***** DATA EXTRACT *****

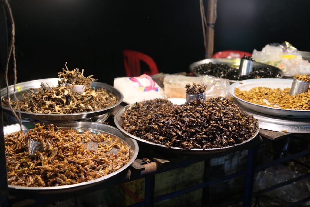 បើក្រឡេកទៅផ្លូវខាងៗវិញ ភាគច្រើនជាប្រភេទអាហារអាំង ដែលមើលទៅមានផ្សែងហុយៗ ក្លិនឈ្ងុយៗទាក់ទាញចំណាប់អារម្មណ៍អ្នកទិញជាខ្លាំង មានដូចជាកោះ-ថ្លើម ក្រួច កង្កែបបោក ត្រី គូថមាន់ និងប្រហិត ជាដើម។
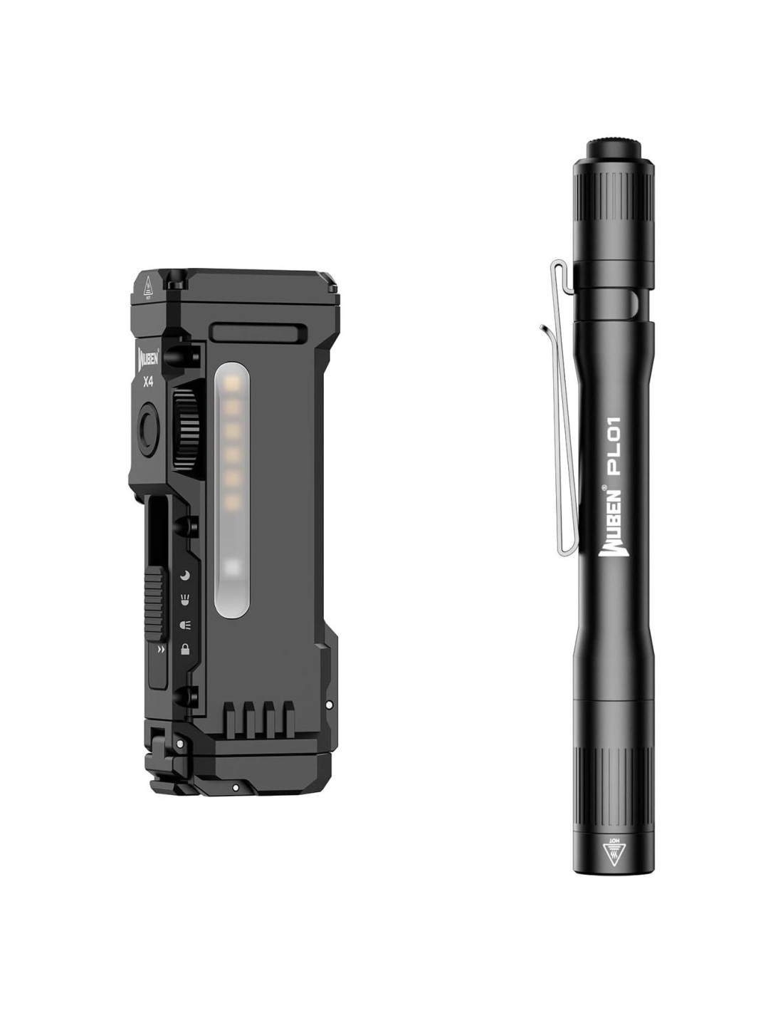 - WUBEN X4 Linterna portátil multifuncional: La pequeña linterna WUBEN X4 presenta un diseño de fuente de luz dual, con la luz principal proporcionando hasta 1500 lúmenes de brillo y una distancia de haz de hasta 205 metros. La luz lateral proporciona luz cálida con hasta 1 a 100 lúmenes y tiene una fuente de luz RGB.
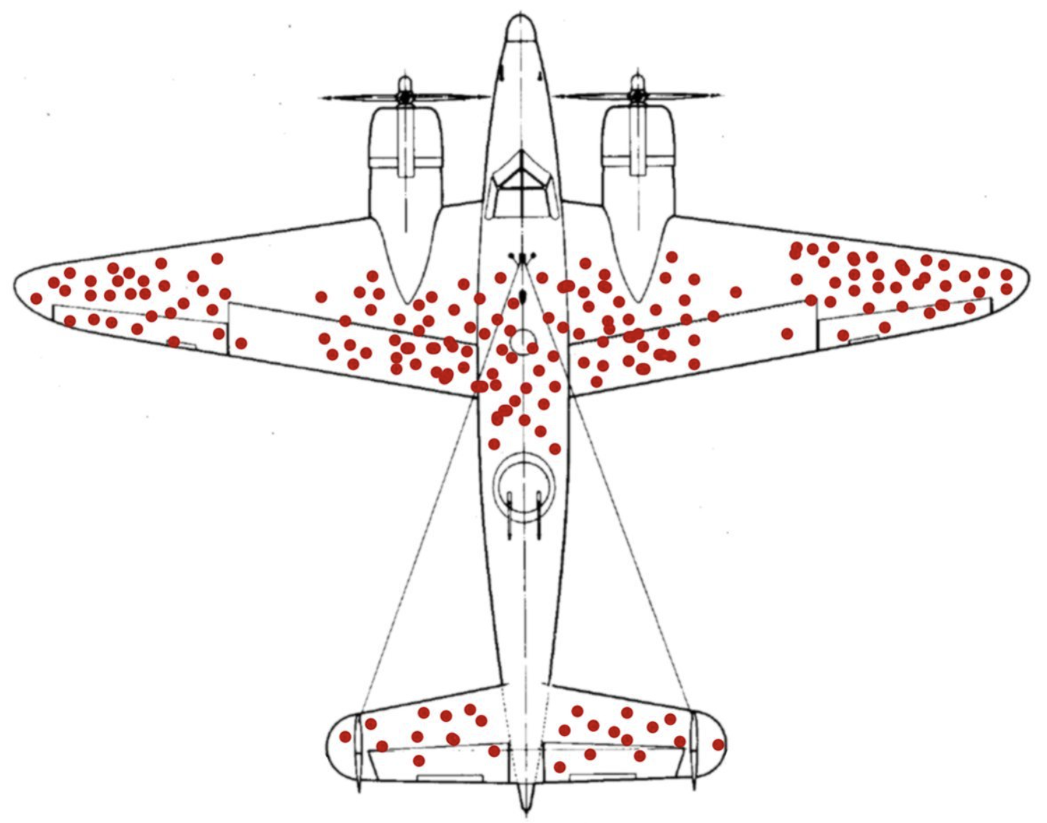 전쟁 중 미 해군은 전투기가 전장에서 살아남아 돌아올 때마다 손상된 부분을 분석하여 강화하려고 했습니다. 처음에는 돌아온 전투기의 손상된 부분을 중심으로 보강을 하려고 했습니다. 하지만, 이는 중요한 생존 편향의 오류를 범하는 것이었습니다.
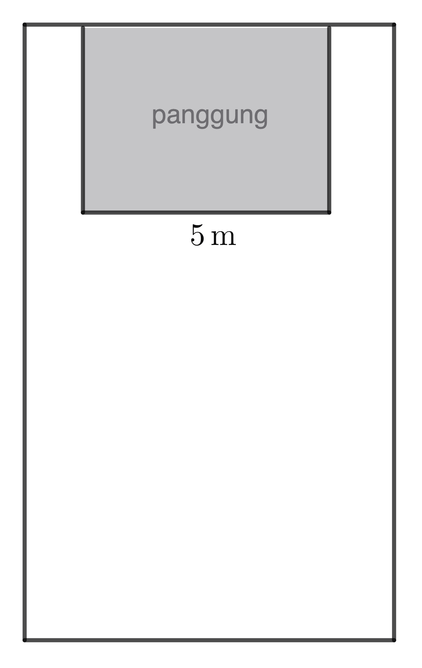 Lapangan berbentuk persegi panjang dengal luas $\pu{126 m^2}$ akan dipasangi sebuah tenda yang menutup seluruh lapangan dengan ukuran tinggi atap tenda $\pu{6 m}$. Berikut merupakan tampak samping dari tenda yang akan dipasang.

*****

> _WHAT THIS TASK INVOLVES_:
Return every line above exactly, omitting images.

> _REPLY TO THE EXERCISE_:
 បើក្រឡេកទៅផ្លូវខាងៗវិញ ភាគច្រើនជាប្រភេទអាហារអាំង ដែលមើលទៅមានផ្សែងហុយៗ ក្លិនឈ្ងុយៗទាក់ទាញចំណាប់អារម្មណ៍អ្នកទិញជាខ្លាំង មានដូចជាកោះ-ថ្លើម ក្រួច កង្កែបបោក ត្រី គូថមាន់ និងប្រហិត ជាដើម។
 - WUBEN X4 Linterna portátil multifuncional: La pequeña linterna WUBEN X4 presenta un diseño de fuente de luz dual, con la luz principal proporcionando hasta 1500 lúmenes de brillo y una distancia de haz de hasta 205 metros. La luz lateral proporciona luz cálida con hasta 1 a 100 lúmenes y tiene una fuente de luz RGB.
 전쟁 중 미 해군은 전투기가 전장에서 살아남아 돌아올 때마다 손상된 부분을 분석하여 강화하려고 했습니다. 처음에는 돌아온 전투기의 손상된 부분을 중심으로 보강을 하려고 했습니다. 하지만, 이는 중요한 생존 편향의 오류를 범하는 것이었습니다.
 Lapangan berbentuk persegi panjang dengal luas $\pu{126 m^2}$ akan dipasangi sebuah tenda yang menutup seluruh lapangan dengan ukuran tinggi atap tenda $\pu{6 m}$. Berikut merupakan tampak samping dari tenda yang akan dipasang.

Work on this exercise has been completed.